4.9 KiB
4.9 KiB
Document Upload - Chunking Removed ✅
Issue Found
Despite the Collector/Extractor refactor, document uploads were still auto-chunking files into semantic pieces.
What Was Happening (Before)
// upload-document/route.ts
const chunks = chunkDocument(content, {
maxChunkSize: 2000,
chunkOverlap: 200,
});
for (const chunk of chunks) {
await createKnowledgeItem({
title: `${file.name} (chunk ${i}/${total})`,
content: chunk.content,
});
}
Result:
- 1 file upload → 5-10 separate knowledge_items
- Each chunk stored as separate record
- Auto-chunking contradicted Extractor AI's collaborative approach
What Happens Now (After)
// upload-document/route.ts
const knowledgeItem = await createKnowledgeItem({
title: file.name,
content: content, // Whole document
sourceMeta: {
tags: ['document', 'uploaded', 'pending_extraction'],
},
});
Result:
- 1 file upload → 1 knowledge_item
- Whole document stored intact
- Tagged as
pending_extraction - Extractor AI will review and collaboratively chunk
Files Changed
1. app/api/projects/[projectId]/knowledge/upload-document/route.ts
Removed:
chunkDocument()import and calls- Loop creating multiple knowledge_items
- Chunk metadata tracking
Added:
- Single knowledge_item creation with full content
pending_extractiontag- Status tracking in contextSources
Before:
const chunks = chunkDocument(content, {...});
for (const chunk of chunks) {
const knowledgeItem = await createKnowledgeItem({
title: `${file.name} (chunk ${i}/${total})`,
content: chunk.content,
});
}
After:
const knowledgeItem = await createKnowledgeItem({
title: file.name,
content: content, // Whole document
sourceMeta: {
tags: ['pending_extraction'],
},
});
2. app/[workspace]/project/[projectId]/context/page.tsx
Changed UI text:
- Before: "Documents will be automatically chunked and processed for AI context."

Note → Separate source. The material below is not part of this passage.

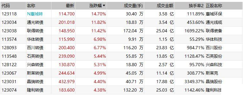 中证转债指数午盘跌0.57%,“N惠城转”涨超14%,鼎胜转债涨超3%,两只债券均盘中临停;通光转债和联得转债均涨超11%,华体转债涨近7%,百川转债涨超6%,石英转债和兴森转债均涨逾5%;三力转债跌超13%,灵康转债跌超7%,小康转债跌逾6%。

- After: "Documents will be stored for the Extractor AI to review and process."
User Experience Changes
Upload Flow (Now):
- User uploads
project-spec.md - File saved to Firebase Storage
- Whole document stored as 1 knowledge_item
- Appears in Context page as "project-spec.md"
- Tagged
pending_extraction
Extraction Flow (Later):
- User says "Is that everything?" → AI transitions
- Extractor AI mode activates
- AI reads whole documents
- AI asks: "I see this section about user roles - is this important for V1?"
- User confirms: "Yes, that's critical"
- AI calls
/api/projects/{id}/knowledge/chunk-insight - Creates targeted chunk as
extracted_insight - Chunks stored in AlloyDB for retrieval
Why This Matters
Before (Auto-chunking):
- ❌ System guessed what's important
- ❌ Over-chunked irrelevant sections
- ❌ Polluted vector database with noise
- ❌ User had no control
After (Collaborative):
- ✅ Extractor AI asks before chunking
- ✅ Only important sections chunked
- ✅ User confirms what matters for V1
- ✅ Clean, relevant vector database
API Response Changes
Before:
{
"success": true,
"chunkCount": 8,
"knowledgeItemIds": ["id1", "id2", "id3", ...]
}
After:
{
"success": true,
"knowledgeItemId": "single_id",
"status": "stored",
"message": "Document stored. Extractor AI will review and chunk important sections."
}
Database Structure
Firestore - knowledge_items:
{
"id": "abc123",
"projectId": "proj456",
"sourceType": "imported_document",
"title": "project-spec.md",
"content": "< FULL DOCUMENT CONTENT >",
"sourceMeta": {
"filename": "project-spec.md",
"tags": ["document", "uploaded", "pending_extraction"],
"url": "https://storage.googleapis.com/..."
}
}
Firestore - contextSources:
{
"type": "document",
"name": "project-spec.md",
"summary": "Document (5423 characters) - pending extraction",
"metadata": {
"knowledgeItemId": "abc123",
"status": "pending_extraction"
}
}
Testing Checklist
- Remove chunking logic from upload endpoint
- Update UI text to reflect new behavior
- Verify whole document is stored
- Confirm
pending_extractiontag is set - Test document upload with 3 files
- Verify Collector checklist updates
- Test Extractor AI reads full documents
- Test
/chunk-insightAPI creates extracted chunks
Related Documentation
TABLE_STAKES_IMPLEMENTATION.md- Full feature implementationCOLLECTOR_EXTRACTOR_REFACTOR.md- Refactor rationaleQA_FIXES_APPLIED.md- QA testing results
Status
✅ Auto-chunking removed ✅ UI text updated ✅ Server restarted 🔄 Ready for testing
The upload flow now correctly stores whole documents and defers chunking to the collaborative Extractor AI phase.